DNA microarrays are devices that allow quantitative, high-throughput analysis of gene expression in individual cells, tissues, or organs. DNA microarrays generate a fluorescent signal that reports on the expression level of each target gene based on the sequence-specific hybridisation between the soluble target oligonucleotides and immobilized probe oligonucleotides.

Target Sample Preparation

The target oligonucleotides are usually prepared from the total mRNA from a given tissue or organ. The mRNA is first converted to cDNA, which is then transcribed and labeled with biotin in vitro. The labeled RNA is fragmented into short target oligonucleotides that will be hybridized with immobilized probes on the microarray.

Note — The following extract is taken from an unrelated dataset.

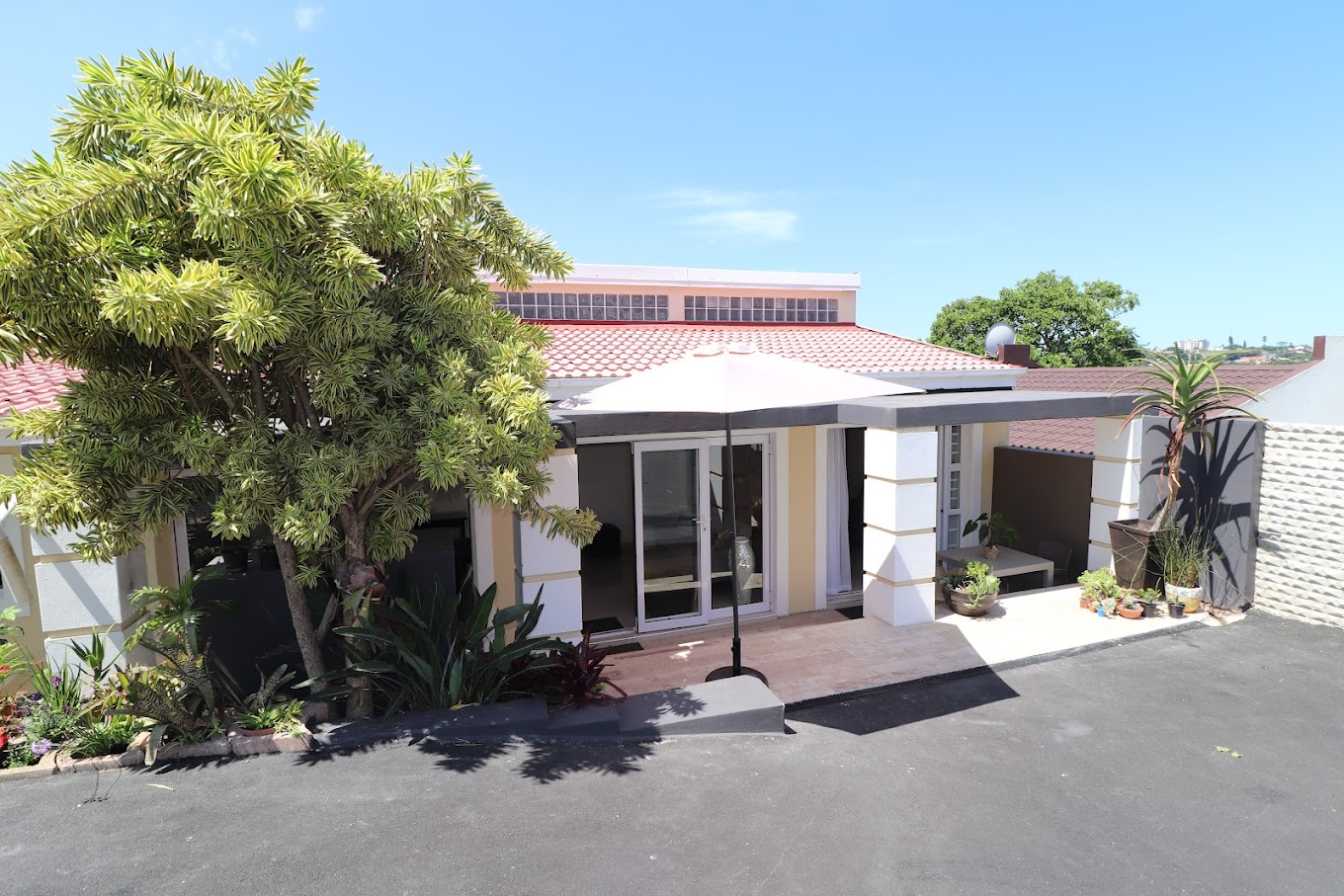 The guesthouse is designed to provide a serene and relaxing environment. It features stylish and modern rooms with plush bed linen, large glass bathrooms, and comfortable walk-in showers. Some rooms even have a soaking tub for extra relaxation. Guests can enjoy the garden, which is perfect for lounging with a glass of wine after a busy day exploring Durban.

Probes: The Structure of the Microarray

A DNA microarray contains a large number of single stranded DNA oligonucleotides from known genes. Commercial DNA microarrays have very high density and yield enormous amounts of data. For example, Affymetrix Human Genome U133 Set incorporates over 1 million unique oligonucleotide features on two microarrays. These features are believed to cover about 33,000 established and putative human genes. Each sequence is represented by 11 probe pairs. Each pair contains a perfect match cell, and a corresponding mismatch cell; the latter are used to calibrate the readings from perfect match cells. Each probe cell in U133 array takes up a square of 18 microns in length and contains many copies of identical 25-nucleotide long oligonucleotides.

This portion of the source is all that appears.